The WBC Fiber-Coupled Diode Laser was developed by a team that included Antonio Sanchez-Rubio, Tso Yee Fan, Steven Augst, Kevin Creedon, and Anish Goyal, technical staff members in the Advanced Technology Division; Julie Gopinath and Vincenzo Daneu, former staff members; and Bien Chann and Robin Huang of TeraDiode and formerly of Lincoln Laboratory.

Enabling the next generation of deep-space surveillance
The Wide Field-of-View Curved Focal Plane Array, developed by Lincoln Laboratory, is a key enabling technology for the Defense Advanced Research Projects Agency's (DARPA) prototype of the next-generation, deep-space surveillance instrument, the Space Surveillance Telescope (SST). This focal plane array is a mosaic of curved charge-coupled devices (CCD) configured to match the inherent curvature of the high-power, sensitive optics of the SST. Lincoln Laboratory innovated a number of new manufacturing and metrology techniques to curve the silicon wafers of each CCD and precisely align them. The impetus for the design of these unique curved CCDs was to provide a focal plane that would enable low-noise, high dynamic range, uniform detections of the light gathered from deep-space objects by the SST.

Photo of the wide field-of-view CCDThe wide field-of-view CCD in the integration test lab at Lincoln Laboratory. Note the curvature of the image of a fluorescent bulb at the top of the unit.

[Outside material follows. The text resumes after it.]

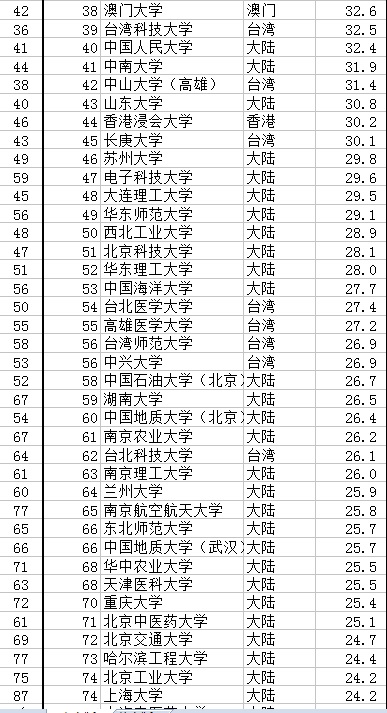 与去年相比,大陆高校中,华南理工大学、电子科技大学、华东师范大学、湖南大学、南京航空航天大学、上海大学、云南大学、河海大学今年均有显著提升,展示了大陆高校强劲的发展势头。上海中医药大学与首都师范大学首次入榜百强高校,今年分别排在74位与93位。台湾高校中,排名靠前的高校表现稳定,而相对靠后的高校总体有下降的趋势。香港上榜的6所高校均位列50名以内,其中5所高校位列前20名。具体来看,香港大学相较于去年下降2位,香港中文大学与香港科技大学与去年持平,其余三所则均有不同幅度的提升。澳门地区上榜的2所高校均位列前40名,其中澳门科技大学从去年的28位上升到今年的21位,澳门大学上升4位排在38位。
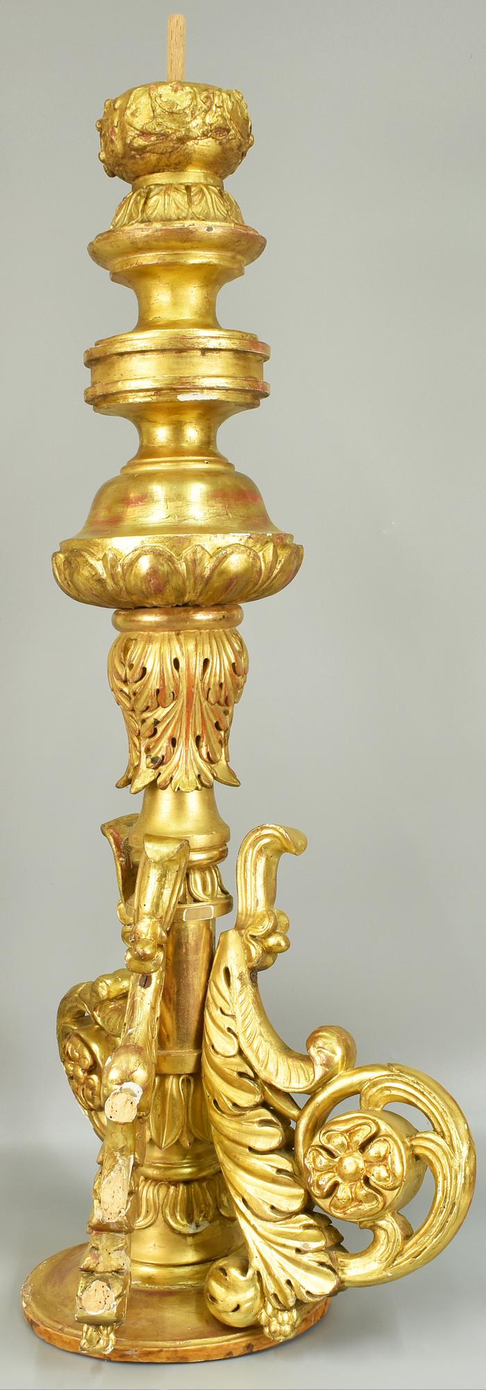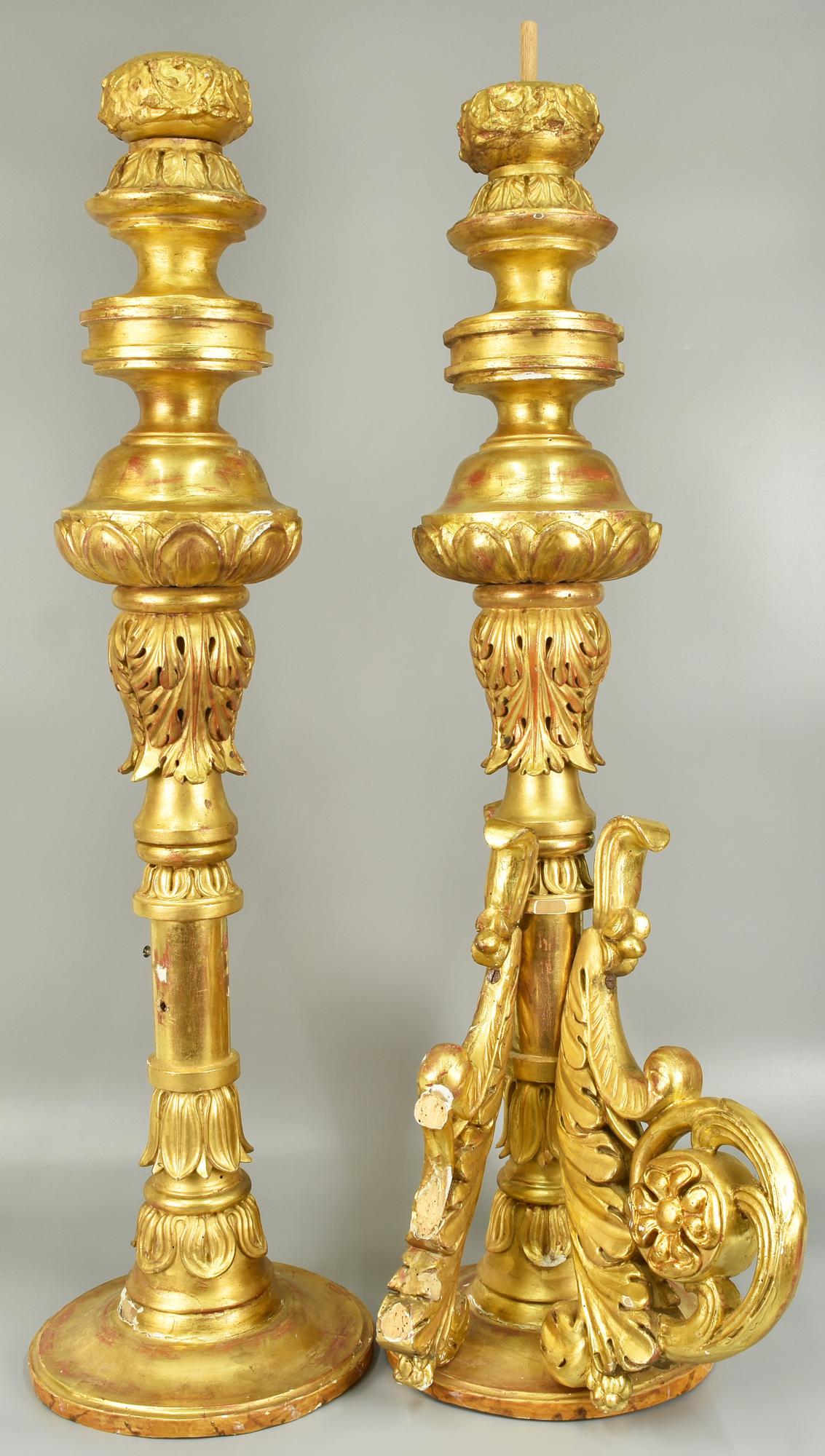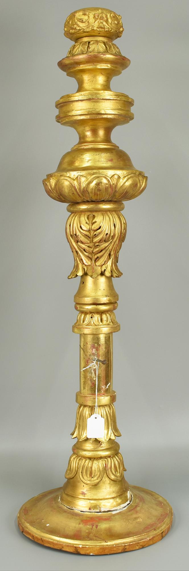 LOTTO DI DUE ELEMENTI DECORATIVI in legno intagliato e laccato h cm 95 diam...

The SST, once fully operational, is planned to be a crucial contributor to the U.S. Space Surveillance Network, which consists of several globally distributed radar systems and optical telescopes that locate and track space objects. Data from the SST are intended to enable estimates of satellite and debris orbits necessary to predict their positions and provide warnings for collisions and near passes. The SST provides a uniform, wide-field-of-view (FOV) survey of satellites orbiting the Earth thanks to the high-quality, sensitive snapshots provided by its wide FOV curved focal plane. By rapidly repeating this survey, SST is expected to afford scientists a new, rich source of data for building the high-precision orbits needed to mitigate future collisions and near misses as the number of deep-space payloads increases. "This focal plane array is a game-changing device for wide-area surveillance of Earth-orbiting space objects," says Ronak Shah, one of the principal researchers on the development this innovation.

Development of the Wide Field-of-View Curved Focal Plane Array led to advancements in processing techniques for individual imagers and precision metrology of imagers into a mosaic camera. These innovations have potential application in areas that require sensitive detections across large FOVs, such as remote sensing, surveillance, and medical imaging.

The multidisciplinary team from the Aerospace, Advanced Technology, and Engineering Divisions responsible for development of this focal plane array included Eric Pearce, James Gregory, Barry Burke, Harry Clark, Bradley Felton, David Fischi, Keith Warner, Richard Lambour, Ronak Shah, Edward Boughan, Donald Johnson, James Sopchak, and Anthony Smith. Gerald Luppino of GL Scientific and former employees Linda Mendenhall and Richard Osgood were also part of the team.

Past awards
Lincoln Laboratory has had a number of technologies recognized by R&D 100 Awards over the past two decades. In 2011, the Laboratory received awards for the Airborne Ladar Imaging Research Testbed (ALIRT), Multifunction Phased Array Radar Panel, Parallel Vector Tile Optimizing Library, and Pathogen Analyzer for Threatening Environmental Releases (PANTHER) Bioaerosol Identification System. The Digital-Pixel Focal Plane Array, Geiger-Mode Avalanche Photodiode Detector Focal Plane Array, Miniaturized RF Four-Channel Receiver, Runway Status Light System, and Superconducting Nanowire Single-Photon Detector were award winners in 2010. The Laboratory received an R&D 100 Award in 1998 jointly with Cyra Technologies and the Los Alamos National Laboratory for the Cyrax Portable, 3D Laser-Mapping and Imaging System, and a 1995 award was presented to the Laboratory for the GPS-squitter technology, a technique that uses GPS position data for automatic dependent surveillance of aircraft.

On 1 November 2012, this year's R&D 100 Awards will be presented to recipients at a banquet at the Renaissance Orlando Hotel in Orlando, Florida.